At the end of the day, no matter if you are learning from the guru's here, your gym teacher, or Richard Simmons, there is no absolute, except the you need a caloric deficit to trim fat and a surplus to gain muscle/weight (I am talking "natural" state here). Besides that, there are only rules of thumb and guidelines to finding what works best for each of us. I love how Lowery clarified that there is only evidence, not proof, when it comes to fitness.
You may have found what you do works great for you, but your original post was more of a summary in general, applicable to everyone, when it cannot be applied wholesale.
Back to specifics, I have also done fasted AM cardio vs. lifting plus cardio in the afternoon. I noted no real difference in results, except that it was easier to push myself on both the weights and the cardio later in the day as I had plenty of energy stores to deplete and little chance of going hypoglycemic (which I have to be careful of).

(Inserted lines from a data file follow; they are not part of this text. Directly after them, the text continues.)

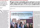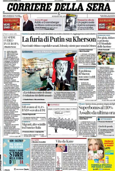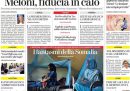 Ci sono molte notizie diverse in apertura sui giornali di oggi: alcuni si occupano della guerra in Ucraina, con i continui bombardamenti russi e la lettera del Papa al popolo ucraino, altri titolano sulla richiesta del presidente francese Macron che l’Italia accolga i migranti salvati nel Mediterraneo dalle navi delle organizzazioni non governative per continuare la redistribuzione fra i paesi dell’Unione Europea. Il Manifesto apre sulla giornata internazionale contro la violenza sulle donne celebrata ieri, la Verità e Libero si occupano dell’indagine sulle cooperative gestite dalla suocera di Aboubakar Soumahoro, e la Stampa presenta i dati di un sondaggio sulla fiducia nel governo Meloni.
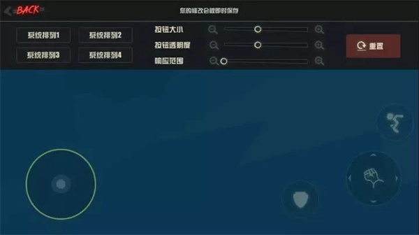12、自定义布局调整功能键大小、透明度和响应范围,提供四种排列方案保存。
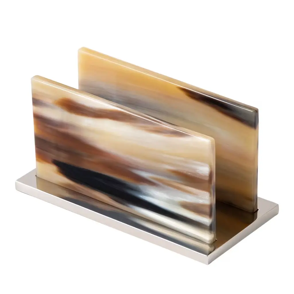 - Handcrafted coaster set made of wood and ojo de pajaro veneer. - Reminiscent of birds- eye maple, Ojo de Pajaro veneer is a hybrid of natural beauty and artful technique. - Polished German silver holders.

Those of us who are predisposed to hypoglycemia can induce it (sometimes severely) doing cardio/lifting on an empty stomach and/or fasted. Hypoglycemics tend to have an over-reaction of cortisol (due to stress or hunger), so we can get severely catabolic quickly and do more harm than good.
Therefore, I can only tolerate about 30 minutes of cardio or even intense lifting on an empty stomach/fasted state. I'm more recently finding that if I just reduce the carbs in my peri-workout (pre and post) shakes, still using them religiously, and cut cals through out the rest of the day, I'm able to stay more energized for my workout. This allows me to look more forward to the workout, burn more cals because I feel good, push myself in strength movements, and protect my LBM. If I can achieve a 500-800 cal deficit/day by doing things this way, it will lead to the same bodyfat losses as if I had done this fasted.
Having said all that, I lift intensly 3/week (EDT kicks ass!!), I do incline walking fasted 2/week, and I throw in another cardio session just randomly (i.g. splitting wood). Some days I do a fasted and an afternoon cardio session, but always low intensity. I too used to work in more HIIT but found I just had no recovery ability to hit the weights with and soon burned out.
So, that's my situation, since you wanted a more personal take on the subject.
Client-wise, as long as they lift at least twice per week and do cardio 3-4 days per week, it doesn't matter when they do it, they always improve their body comp.